# Gone a bit .... sorry



## kelebek (Oct 5, 2007)

Sorry all ... it has been really busy here the last couple weeks.

Y'all might have seen the thread about Tumbles loosing her kids that were 19 days premature last weekend, along with Thalia deciding she didn't want to nurse her kids ever again - so I also became "mom" to two bottle babies .... JOY! 

Anyway - this weekend has followed the lead ... Friday Proctor Hill Farm BO TeKillYa came home from being on lease AND I took in an 8 month old Dogue de Bordeaux as a foster home. Then Saturday morning I got a message from a lady around the corner who had a 12ish hour buckling completely down ... needless to say he is at my house and in my care now also .... OMG!:hammer::hammer::hammer: What the heck am I thinking!! Then my husbands truck broke down YET AGAIN!!!!

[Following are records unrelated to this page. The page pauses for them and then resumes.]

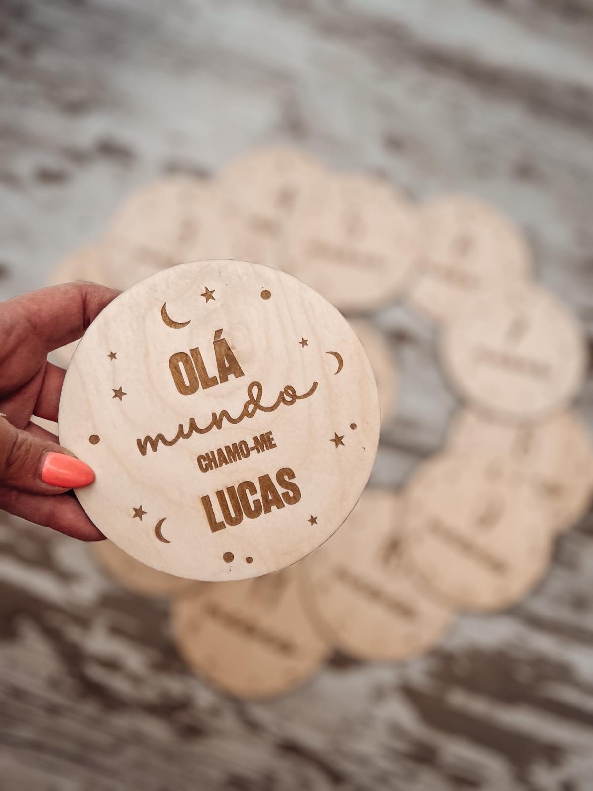 • Disco redondo de madeira com texto gravado OLÁ mundo CHAMO-ME LUCAS
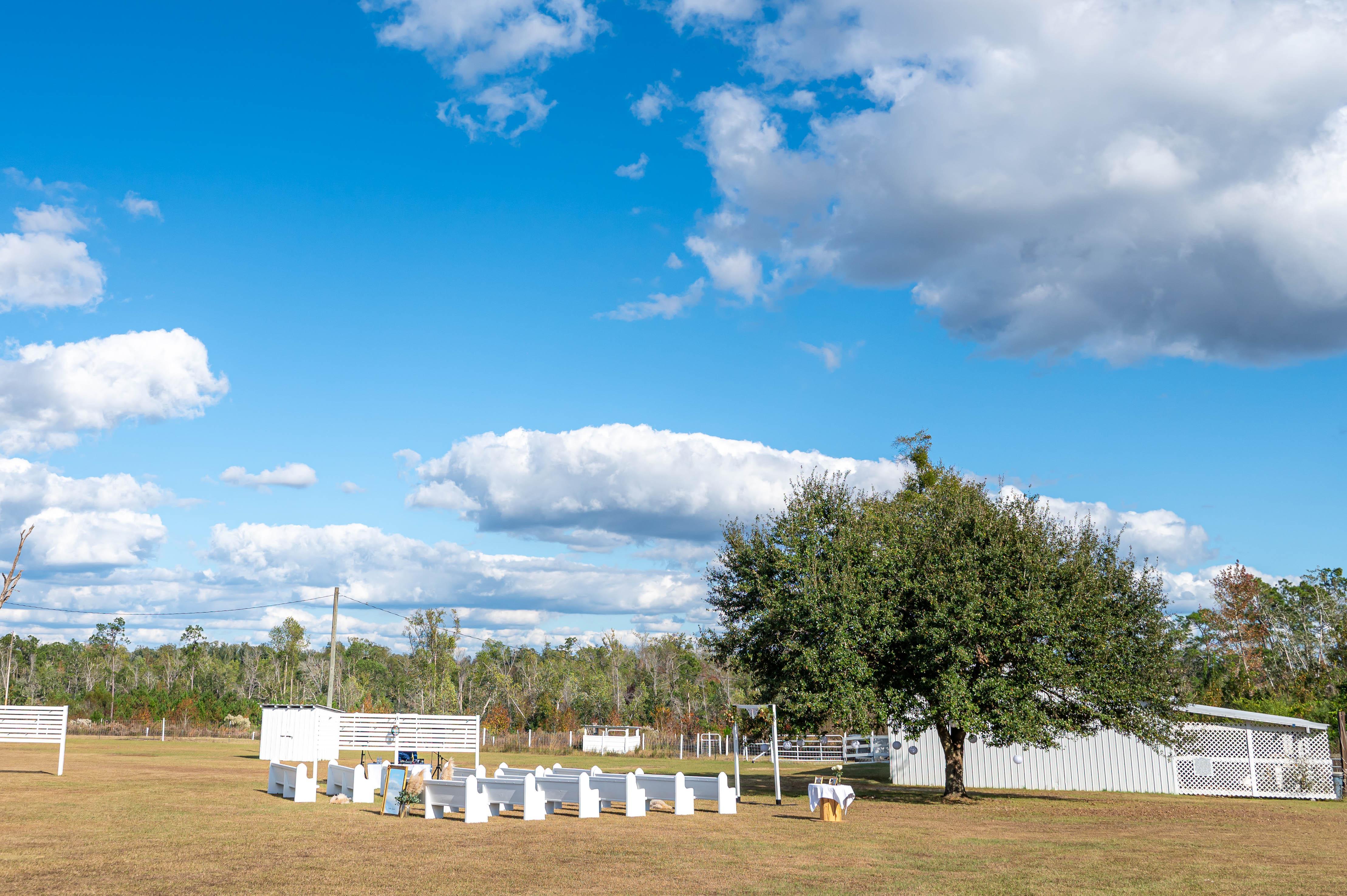 Nestled beneath a beautiful oak tree, this open-air ceremony space offers a peaceful, natural setting with wide views of the property. With room for guest seating, arbors, and personalized décor, it’s a timeless backdrop for heartfelt vows—simple, scenic, and effortlessly elegant.
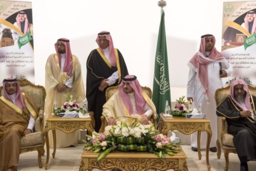 وقد أقيم حفل خطابي بدئ بتلاوة آيات من القران الكريم، ثم ألقى محافظ القريات عبدالله بن صالح الجاسر كلمة رحب فيها بالأمير بدر بن سلطان بن عبدالعزيز في محافظة القريات بين أبنائه وإخوانه، وأوضح في كلمته ما تحتضنه المحافظة من إرث تاريخي امتد لعصور من الزمن، إضافة إلى اشتهارها بصناعة الملح وزراعة الزيتون، سائلا الله أن يحفظ ولاة أمرنا بقيادة خادم الحرمين الشريفين الملك سلمان بن عبدالعزيز وولي عهده الأمين، وأن يديم على بلادنا نعمة الأمن والأمان

Oh and next weekend we will have 3 nigerians kidding out ... my hands are FULL right now!


----------



## Trickyroo (Sep 26, 2012)

OMG 
Its good to hear from you but geez , Allison , how the heck are you surviving all this ?? I wish I was closer , I would help 
You better take time for yourself honey , goodness knows you will run yourself down if you don't :sigh:

Good luck with everything :hug:


----------



## WhisperingWillowNDG (Jul 20, 2011)

((Hugs))


----------



## kelebek (Oct 5, 2007)

Here is Princess Maggie










and her tumor on her eye that will cause her to loose that eye - its called a demoid.


----------



## ksalvagno (Oct 6, 2009)

I sure hope things go better for you.

Is the tumor actually in the eye? There is no way to remove the tumor and the eye be saved? That is a shame. Although animals seem to recover from stuff so much better than we do.


----------



## emilieanne (Oct 15, 2012)

ksalvagno said:


> I sure hope things go better for you.
> 
> Is the tumor actually in the eye? There is no way to remove the tumor and the eye be saved? That is a shame. Although animals seem to recover from stuff so much better than we do.


I know a dogs eye is very sensitive about its sight with scratches and operations.

But is it me or does it look like there is hair on her eye/ the tumor?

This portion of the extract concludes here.